*** THE RECORDS
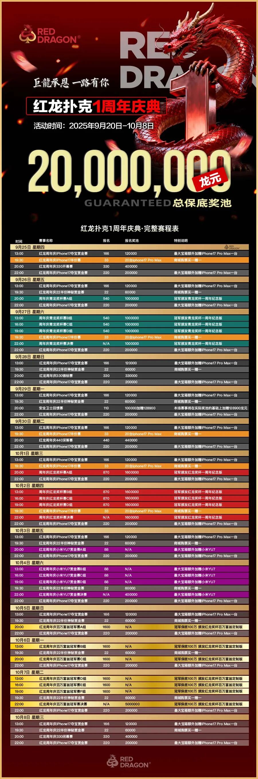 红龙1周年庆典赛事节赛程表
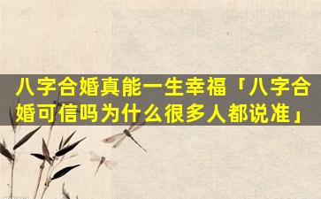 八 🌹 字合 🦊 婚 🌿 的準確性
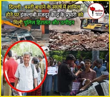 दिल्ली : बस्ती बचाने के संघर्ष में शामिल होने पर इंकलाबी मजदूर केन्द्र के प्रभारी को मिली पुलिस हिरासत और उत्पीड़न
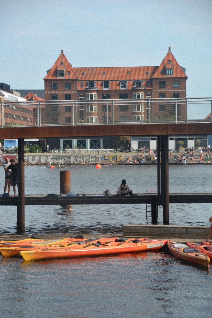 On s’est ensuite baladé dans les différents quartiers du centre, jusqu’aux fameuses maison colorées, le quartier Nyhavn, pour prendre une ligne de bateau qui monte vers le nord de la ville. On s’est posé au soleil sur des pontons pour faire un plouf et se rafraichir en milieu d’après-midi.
******
*** THE RECORDS
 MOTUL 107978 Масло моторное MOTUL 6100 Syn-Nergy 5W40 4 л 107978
******
*** THE RECORDS
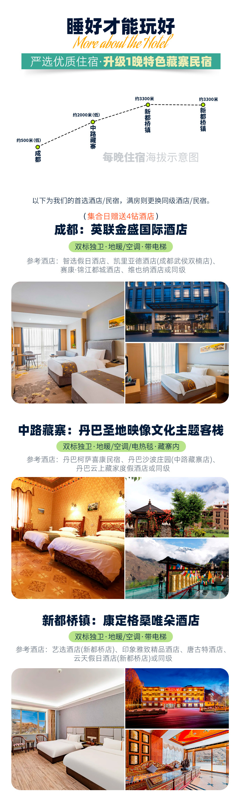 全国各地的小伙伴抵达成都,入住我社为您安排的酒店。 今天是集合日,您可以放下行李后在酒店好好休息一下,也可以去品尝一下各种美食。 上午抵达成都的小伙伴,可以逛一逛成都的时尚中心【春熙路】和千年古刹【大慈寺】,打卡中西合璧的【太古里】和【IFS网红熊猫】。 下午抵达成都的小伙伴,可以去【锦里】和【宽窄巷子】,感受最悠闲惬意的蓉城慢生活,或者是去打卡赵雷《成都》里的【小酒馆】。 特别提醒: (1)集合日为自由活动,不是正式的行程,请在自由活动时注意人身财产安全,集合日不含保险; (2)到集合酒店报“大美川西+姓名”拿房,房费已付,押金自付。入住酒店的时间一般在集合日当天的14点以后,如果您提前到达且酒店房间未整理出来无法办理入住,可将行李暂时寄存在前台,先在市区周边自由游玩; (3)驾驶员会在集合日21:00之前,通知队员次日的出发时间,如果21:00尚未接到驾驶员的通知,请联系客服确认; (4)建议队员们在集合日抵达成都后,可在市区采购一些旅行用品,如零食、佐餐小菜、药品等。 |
******
- _EXERCISE DESCRIPTION_
Keep to the lines above from the line with "दिल्ली : बस्ती" to the line with "On s’est ensuite", and set down exactly those, inclusive, with nothing else and every picture left out.

- _TASK RESPONSE_
 दिल्ली : बस्ती बचाने के संघर्ष में शामिल होने पर इंकलाबी मजदूर केन्द्र के प्रभारी को मिली पुलिस हिरासत और उत्पीड़न
 On s’est ensuite baladé dans les différents quartiers du centre, jusqu’aux fameuses maison colorées, le quartier Nyhavn, pour prendre une ligne de bateau qui monte vers le nord de la ville. On s’est posé au soleil sur des pontons pour faire un plouf et se rafraichir en milieu d’après-midi.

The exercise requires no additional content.